Protein concentration measurements showed a loss of ~10–15% of protein during dialysis. A Bradford assay was used for protein concentration determination, as it provided the most accurate results compared to fluorescamine, Biuret, BCA, and absorbance at 280 nm.
5.5. Cleavage of SN fusion protein from rSP-B (Δ7NTC48S-SP-B-6His)

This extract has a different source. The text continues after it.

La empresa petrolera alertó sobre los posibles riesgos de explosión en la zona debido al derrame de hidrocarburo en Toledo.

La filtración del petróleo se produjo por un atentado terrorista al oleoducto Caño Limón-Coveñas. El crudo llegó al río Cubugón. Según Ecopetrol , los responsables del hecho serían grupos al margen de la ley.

The lyophilized protein sample was resuspended in a 2 ml volume of 70% formic acid. A few small crystals of cyanogen bromide (CNBr 97%, Acros Organics) on the tip of a small spatula, were added to the sample [81]. The vial was wrapped in aluminum foil and was left for 1 to 2 days at room temperature. The reaction was stopped by diluting the sample with distilled water (1:15 dilution). The solution was flash frozen and lyophilized (typical mass after lyophilization was 9 mg). The resulting lyophilisate was resuspended in 5 ml of binding buffer B (6 M urea, 0.5% (w/v) CHAPS, TBS, 5 mM imidazole, pH 7.4) to prepare it for second stage IMAC purification as described in Section 5.6 below.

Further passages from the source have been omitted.